### PROBLEM
Below are some records. Retype exactly the lines from the one containing "無垢材や挽き板の傷は、使い込" through the one containing "Photograph of a", both included, skipping every picture.

EXERCISE DATA: Begin

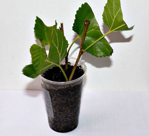 Растение нуждается в умеренном поливе, частом проветривании и подкормке минеральными удобрениями. Признаком того, что черенок укоренился станут новые побеги. Выращенные таким образом саженцы шелковицы — это 100% копии материнского растения.
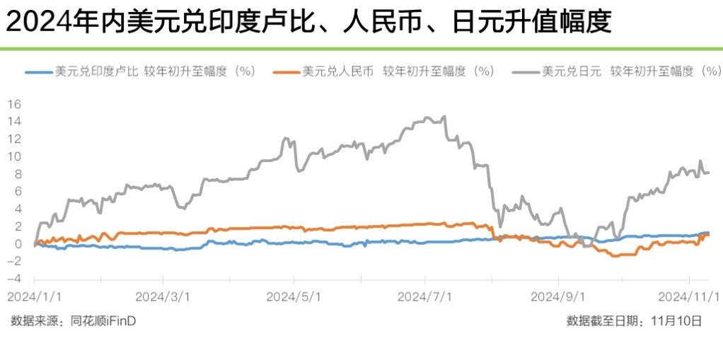 第一个变化已经发生。美债收益率走高之,资金会回流美最近一段时间,人民币、元、印度卢比等非美货币普遍承压,提高了持有非美元资产机会成本,让新兴市场货币承压。
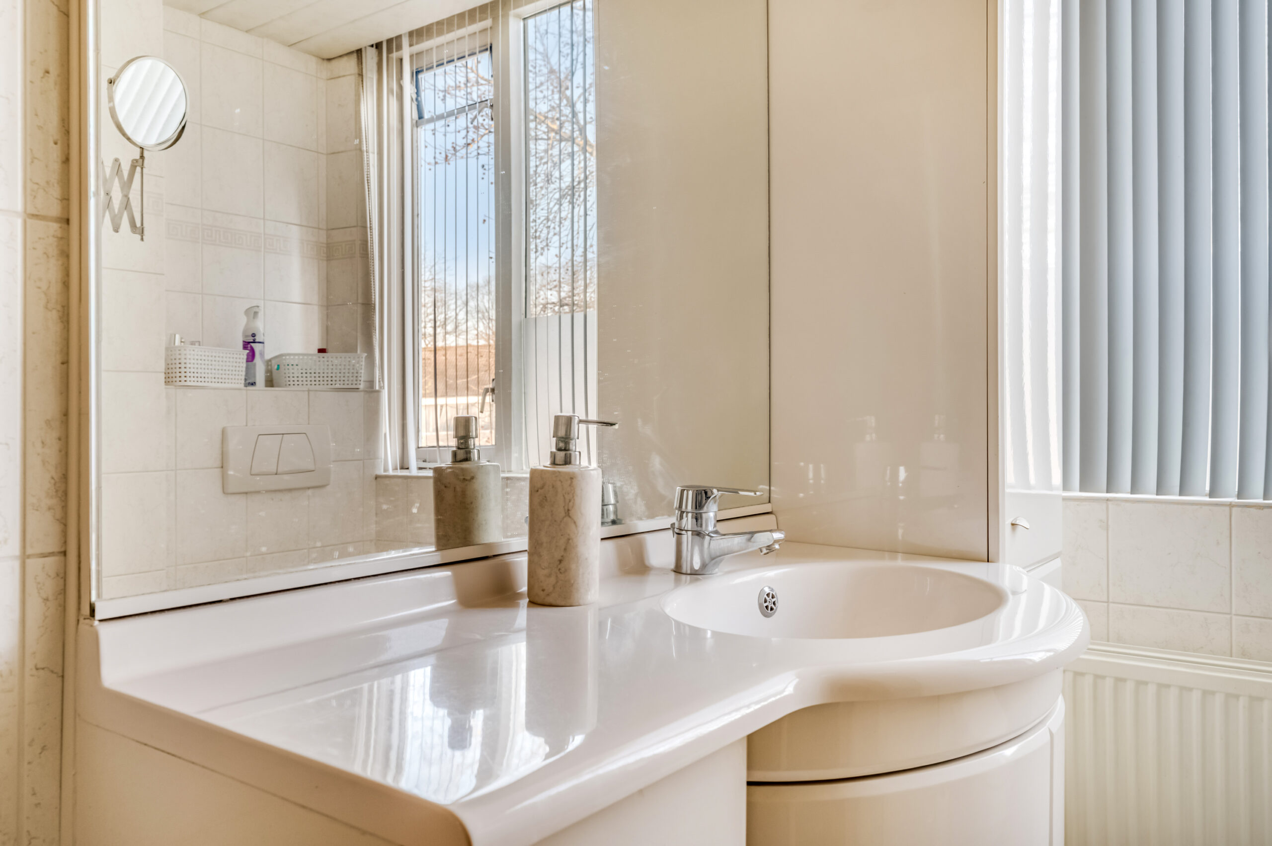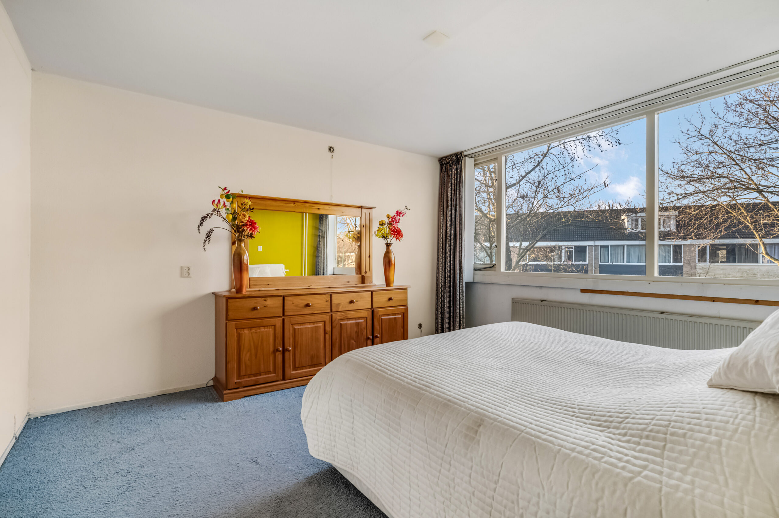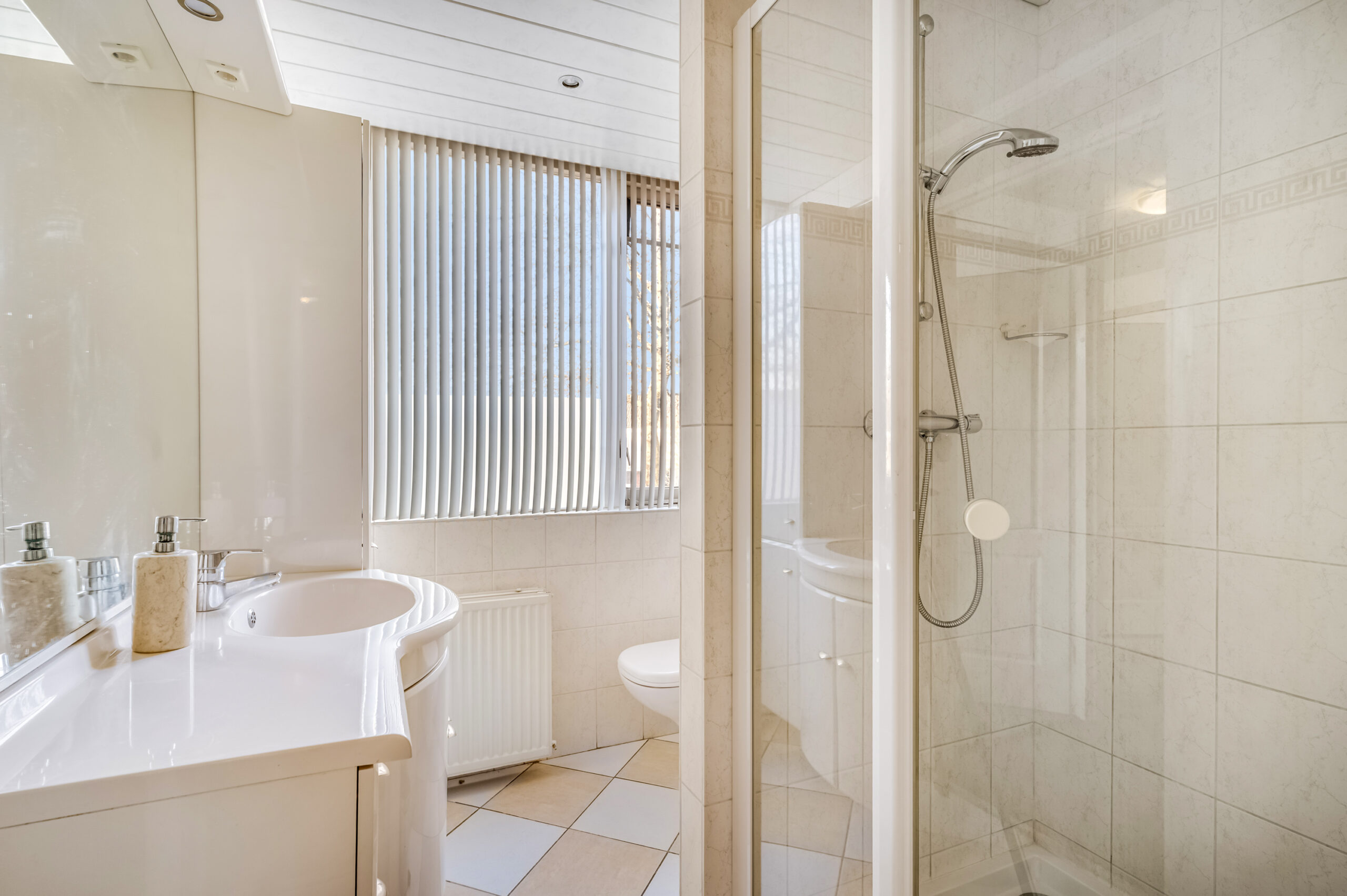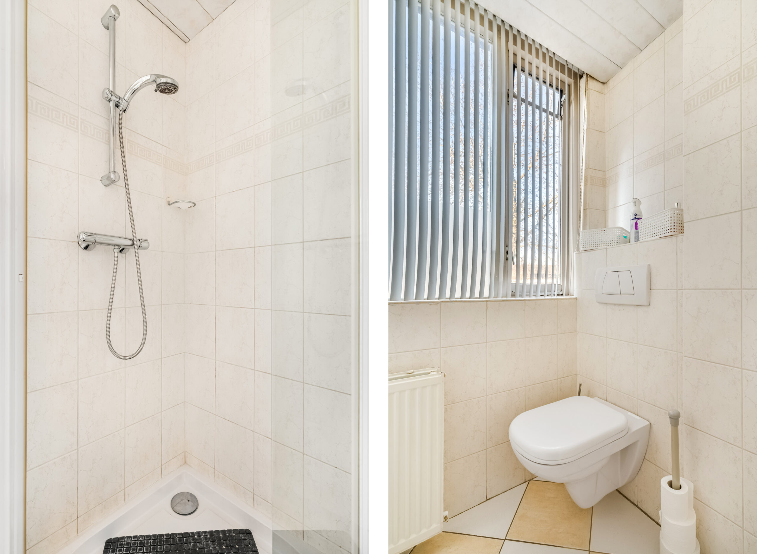 1e verdieping: overloop met afgesloten deur naar trapopgang 2e verdieping. Op deze verdieping zijn 3 ruime slaapkamers, waarvan 2 aan de achterzijde en 1 aan de voorzijde met inloop kledingkast. De geheel betegelde badkamer heeft een wastafelmeubel met spiegel en op opbergruimte, douchecabine met thermostaatkraan en toilet. De badkamer heeft een plafond voorzien van inbouwspots.
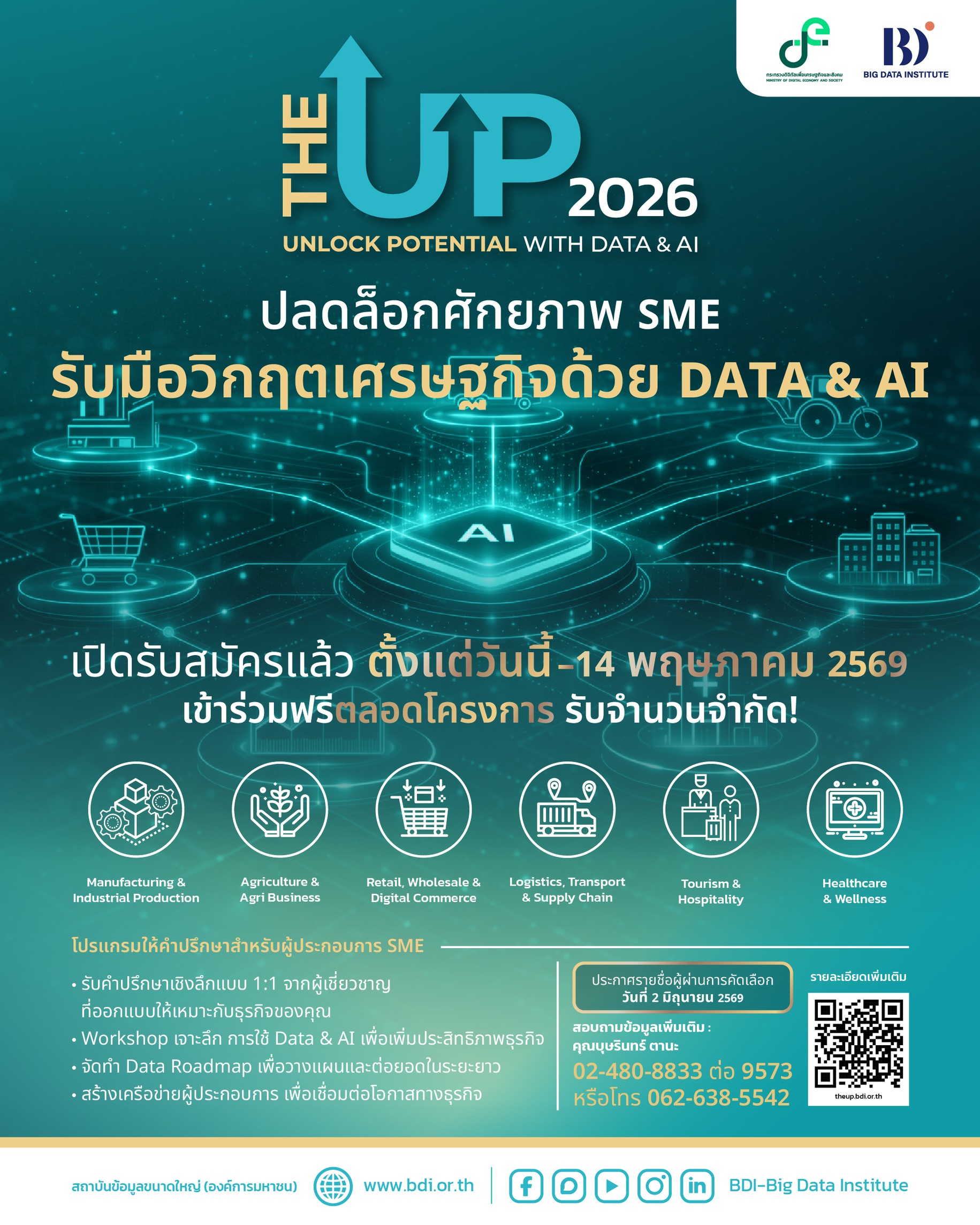 สถาบันข้อมูลขนาดใหญ่ (องค์การมหาชน) หรือ BDI เดินหน้าขับเคลื่อนโครงการ "The UP 2026: Unlock Potential with Data & AI - ปลดล็อกศักยภาพ SME ไทย รับมือวิกฤตเศรษฐกิจด้วย Data & AI" ต่อเนื่องเป็นปีที่ 3 สะท้อนพันธกิจหลักของ BDI ในฐานะองค์กรที่ขับเคลื่อนประเทศด้วยข้อมูลขนาดใหญ่ที่มุ่งเปลี่ยน "ข้อมูล" ให้กลายเป็น "ความได้เปรียบทางธุรกิจ" ท่ามกลางภาวะเศรษฐกิจที่มีความผันผวนสูง เปิดรับสมัคร SME เข้าร่วมโครงการ ฟรี! ได้แล้วตั้งแต่วันนี้ - 14 พฤษภาคม 2569 เท่านั้น!
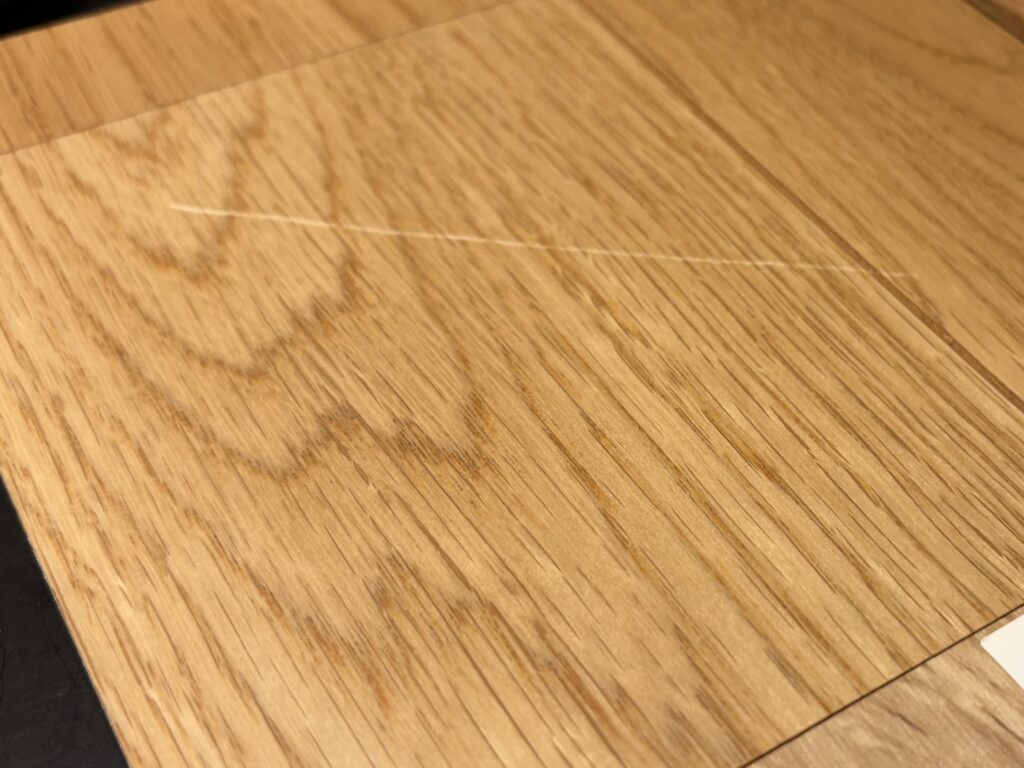 無垢材や挽き板の傷は、使い込むうちに「ヴィンテージ感」「生活の証」として味になっていきます。でもラシッサDの傷は、表面シートが剥がれると茶色い基材が露出します。
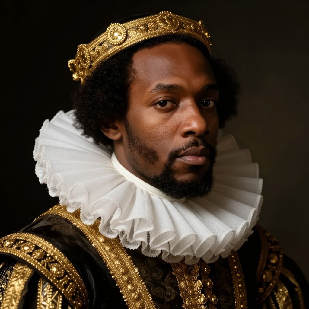 Photograph of a Black man with dark skin and a short, curly beard, wearing an ornate, gold-trimmed crown and a black, intricately embroidered robe. He has a large, white, ruffled collar that contrasts with his dark clothing. His expression is serious, and he gazes slightly to the right. The background is dark, making his attire and face stand out prominently. The image has a classical, baroque style, reminiscent of historical portraits. The lighting is focused on his face, highlighting his features and the textures of his clothing.
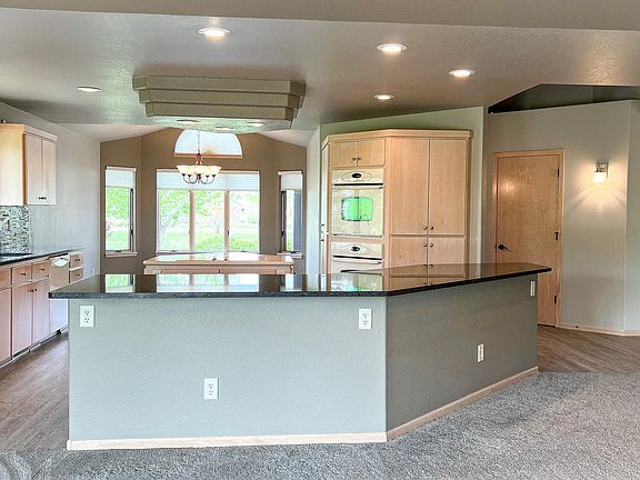 Welcome to this beautifully updated country property, a true oasis nestled in the heart of nature. No steps! This stunning patio home is situated on nearly 2 acres of sprawling land and offers a fresh and updated aesthetic. Step inside and be greeted by the warm, inviting atmosphere with beautiful entry double doors and a large foyer with a closet and bench. The spacious open-concept layout boasts 2,068 sqft of living space, allowing for seamless interaction and comfortable living inside and out. The gourmet-style kitchen has ample Klemetson cabinetry, pull-out drawers, quartz countertops, a double sink (with instant hot water), beautiful backsplash, luxurious vinyl plank, recessed lighting, and an oversized eat-in island. Enjoy the cooking with the double oven and cooktop center island! Adjacent is a bright, formal dining area next to bay windows with vaulted ceilings. The living room is spacious, with outlets on the floor for your convenience. Relax next to the fireplace or take advantage of a peaceful and serene environment from the walk-out deck (with a hot tub hookup) that wraps around the back of the home. This section of the house is perfect for entertaining guests! Nearby is Bedroom #1, a luxurious primary suite surrounded by nature views, walk-out deck doors, tray ceilings with lighting, and a cozy fireplace. The ensuite bathroom boasts a huge walk-in ceramic tile shower with double shower heads and a seating area. Bedroom #2, Bathroom #2, and Bedroom #3 are down the hall. The laundry room has a sink, counter space, upper and lower cabinetry, with access to the attached 3-stall garage. (Insulated and heated). Outside the back door is a small building for more storage. Sprinkler system outside with professional landscaping. You can have a big backyard for gardening, set up recreational areas, engage in various outdoor hobbies, or be free to build or expand your property. The homeowners invested much time and UPDATES into every detail throughout this property. This desirable location alone is a must-see! If you value privacy, tranquility, and a slower-paced lifestyle, this country property can be an ideal choice for your next home. Book your tour with a Realtor today.
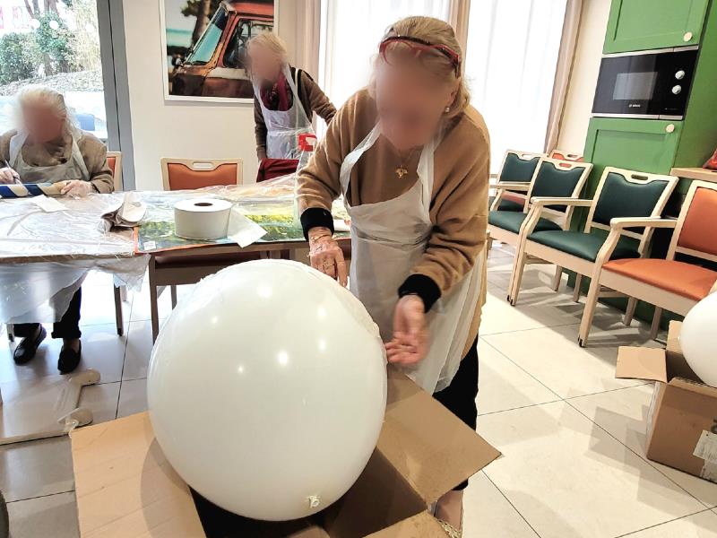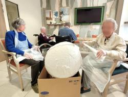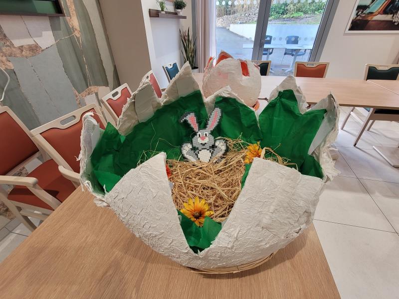 Afin que nos agents de service hospitalier puisse servir les œufs en chocolats à l'ensemble de nos résidents de manière ludique le dimanche de Pâques, notre animateur et quelques-uns de nos séniors ont fabriqué durant la semaine plusieurs récipients en forme d'œufs géants permettant de stocker tous les chocolats qui leur seront offert !
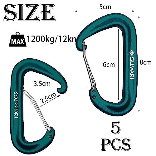 Sllwari Moschettone, 5Pezzi Moschettoni Arrampicata 7075 Alluminio Ultralight 12KN (1200 KG),D Forma, per Alpinismo, Amaca, Campeggio, Backpacking, Escursionismo(Scelta di 5 Colori) (Verde)
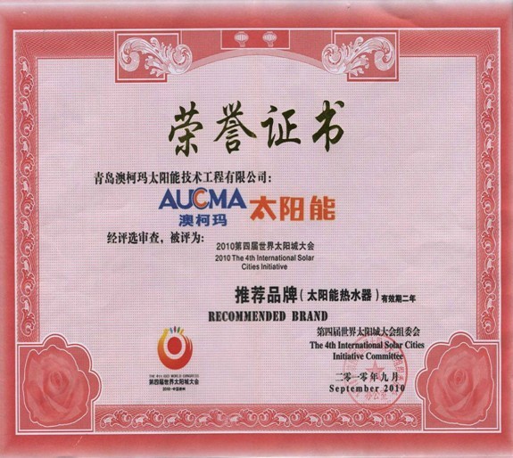 2010年9月,第四届世界太阳能大会在中国山东省德州市召开,云集了各国政要、行业专家、企业精英3000余人,大会就城市新能源开发利用、可循环能源技术、低碳排放建筑、太阳能热利用应用与发展等进行了研讨,倍受全球关注。此次太阳城大会首次推出“推荐品牌”评选活动,经过企业实力调查、市场销售调查、产品质量调查、售后服务调查、信用调查等层层审查,推选出太阳能热水器品牌5个,出口品牌3个,工程品牌3个,其它项1个。凭借优秀的企业综合实力,“澳柯玛”太阳能热水器成功入选“世界太阳城大会推荐品牌”!

EXERCISE DATA: End

### WRITTEN SOLUTION
 無垢材や挽き板の傷は、使い込むうちに「ヴィンテージ感」「生活の証」として味になっていきます。でもラシッサDの傷は、表面シートが剥がれると茶色い基材が露出します。
 Photograph of a Black man with dark skin and a short, curly beard, wearing an ornate, gold-trimmed crown and a black, intricately embroidered robe. He has a large, white, ruffled collar that contrasts with his dark clothing. His expression is serious, and he gazes slightly to the right. The background is dark, making his attire and face stand out prominently. The image has a classical, baroque style, reminiscent of historical portraits. The lighting is focused on his face, highlighting his features and the textures of his clothing.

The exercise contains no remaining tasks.